As of August 2015, that problem shows no sign of going away. Or does it?
The Swedish statute of limitations has now come into play. The charges of sexual molestation, and an additional accusation of unlawful coercion, have now been dropped against Mr Assange. The Åklagarmyndigheten was given until August 18 2015 to question him under the statute of limitations; that time has now passed. Further charges (including rape) against Mr Assange still remain, which will expire in 2020.
Further, the UK government has issued a formal protest to Ecuador about the impasse in Kensington. In a supplementary statement, FCO Minister Hugo Swire said of the leadership in Quito that it “must recognise that its decision to harbour Mr Assange more than three years ago has prevented the proper course of justice… It is completely unacceptable that the British taxpayer has had to foot the bill for this abuse of diplomatic relations.” Abuse of diplomatic relations it may be, but diplomatic and political asylum has a long (if unwelcome) history, and is a key principle of PIL.

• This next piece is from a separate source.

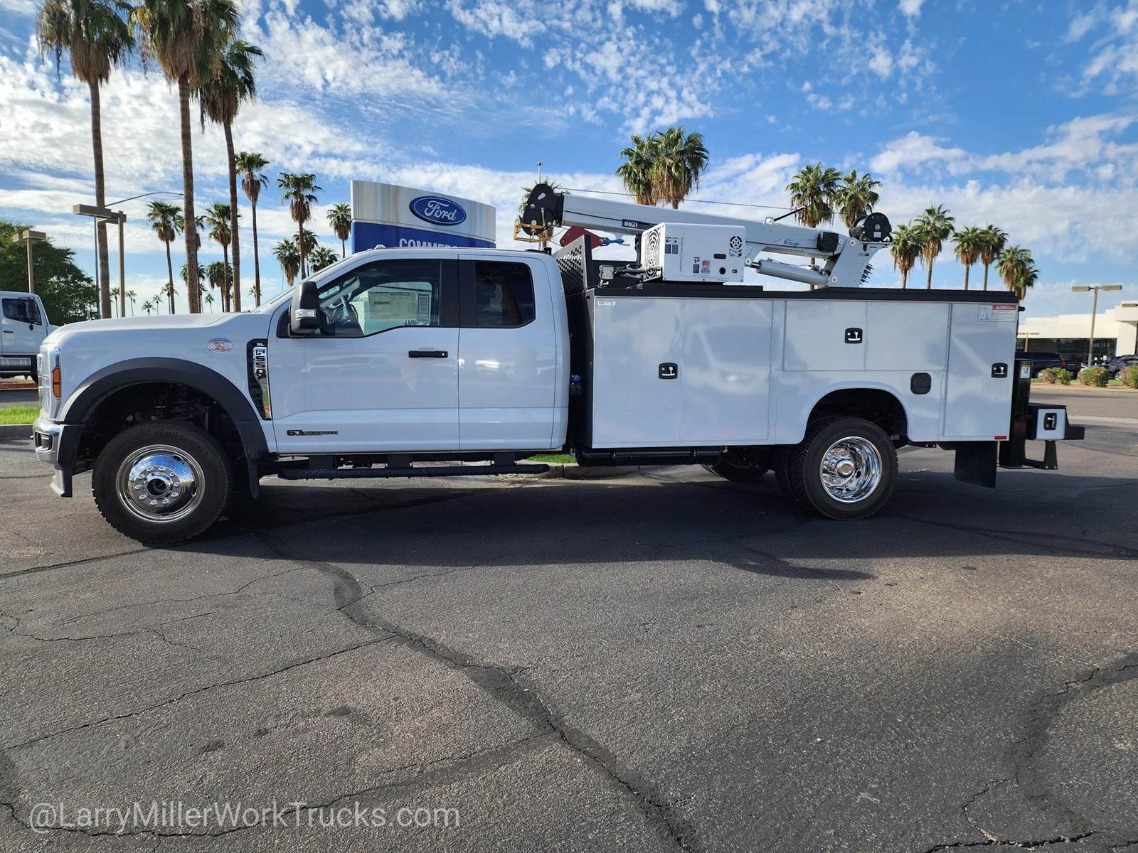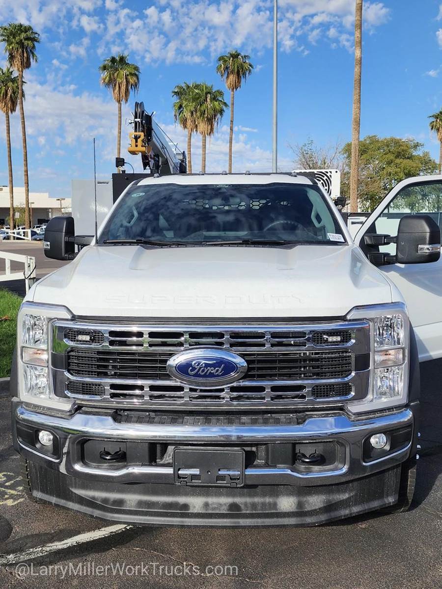 This Ford Super Duty F-550 DRW delivers a Intercooled Turbo Diesel V-8 6.7 L/406 engine powering this Automatic transmission. XL CHROME PACKAGE -inc: Privacy Glass w/Power Sliding Rear Glass, Halogen Fog Lamps, Bright Grille, Remote Start, Chrome Front Bumper, Rear Window Defroster, TRANSMISSION: TORQSHIFT 10-SPEED AUTOMATIC -inc: SelectShift, selectable drive modes: normal, tow/haul, eco, slippery roads and off-road and transmission power take-off provision (STD), TRAILER BRAKE CONTROLLER.*This Ford Super Duty F-550 DRW Comes Equipped with These Options*SNOW PLOW PREP PACKAGE -inc: pre-selected springs (see order guide supplemental reference for springs/FGAWR of specific vehicle configurations), Note 1: Restrictions apply; see supplemental reference or body builders layout book for details, Note 2: Also allows for the attachment of a winch, Note 3: Highly recommended to add (86M) dual battery on 7.3L gas engine, Adding (67B) 410 amp dual alternators for diesel engine is highly recommended for max power output, HIGH CAPACITY TRAILER TOW PACKAGE -inc: trailer brake wiring kit, Increases GCW from 32,500 lbs, to 40,000 lbs, Note: Salesperson's Portfolio or Trailer Towing Guide should be consulted for specific trailer towing or camper limits and corresponding required equipment, axle ratios and model availability, See Supplemental Reference for vehicle height consideration, GVWR: 19,550 LB PAYLOAD PLUS UPGRADE PACKAGE 2 -inc: upgraded frame, upgraded rear-axle and low deflection/high capacity rear springs, Increases max RGAWR to 14,706 lbs, Note: See Order Guide Supplemental Reference for further details on GVWR , SPARE TIRE & WHEEL DELETE, REAR VIEW CAMERA & PREP KIT -inc: Pre-installed content includes cab wiring and frame wiring to the rear most cross member, Upfitters kit includes camera w/mounting bracket, 20' jumper wire and camera mounting/aiming instructions, RAPID-HEAT SUPPLEMENTAL CAB HEATER -inc: 410 Amp Dual Alternators, 250 Amp + 160 Amp, PLATFORM RUNNING BOARDS, OXFORD WHITE, ORDER CODE 660A, MEDIUM DARK SLATE, HD VINYL 40/20/40 SPLIT BENCH SEAT -inc: center armrest, cupholder, storage, 2-way adjustable driver/passenger headrests and driver's side manual lumbar.*Visit Us Today *Come in for a quick visit at Larry H Miller Ford Mesa, 460 E Auto Center Dr, Mesa, AZ 85204 to claim your Ford Super Duty F-550 DRW!

Throughout, Mr Assange has always protested his innocence, and stated that the charges are politically motivated. He has offered to be formally interviewed by Swedish prosecutors in Ecuadorian territory. However, Sweden has insisted that this Swedish legal matter, that these Swedish criminal interviews and investigations are carried out in Sweden. However, under pressure to advance the investigations, Swedish prosecutors earlier this year agreed to interview Mr Assange in London, in Ecuadorian territory. Despite that, there has been a breakdown between Ecuador and Sweden regarding questioning Mr Assange. Both sides blame the other for the diplomatic impasse.
According to Swedish law, Mr Assange has yet to be formally charged. Under Swedish law, a suspect has to be questioned prior to any charges being paid against them. In this case, though, due to the demands of diplomacy, and PIL, getting access to their suspect is a barrier.
Despite this diplomatic merry go round, diplomatic relations between the three nations remain cordial and friendly. History has shown, however, that some such issues can result in long term ill will between nations. The last two centuries has seen a great deal of ill will in Latin America over what was often perceived as heavy handed interference from the United States, for example- particularly in Cuba.
The matter has been on-going for three years. When Mr Assange first sought diplomatic asylum in Ecuador, David Cameron led a Coalition government, with Nick Clegg as his Deputy, and William Hague was the unfortunate Foreign Secretary the matter was referred to. 2015 sees Mr Cameron still as Prime Minister (without the baggage of a Coalition), and the matter passed on to the new Foreign Secretary, Philip Hammond. Swedish Minister for Foreign Affairs Carl Bildt was probably relieved to hand over the Assange affair in 2014 to the current Foreign Minister, Margot Wallstrom. Similarly, outgoing Prime Minister Fredrik Reinfeldt was probably glad to leave this diplomatic issue in 2014 to his sucessor, Stefan Lofven. By contrast, Ecuador’s President has remained unchanged since 2005, being Rafael Correa, with Foreign Minister Ricardo Patino similarly still looking after the matter in Quito.
Governments come and go – but the situations and issues raised by the niceties of Public International Law will often outlast them, and be an unwelcome gift for new leaders.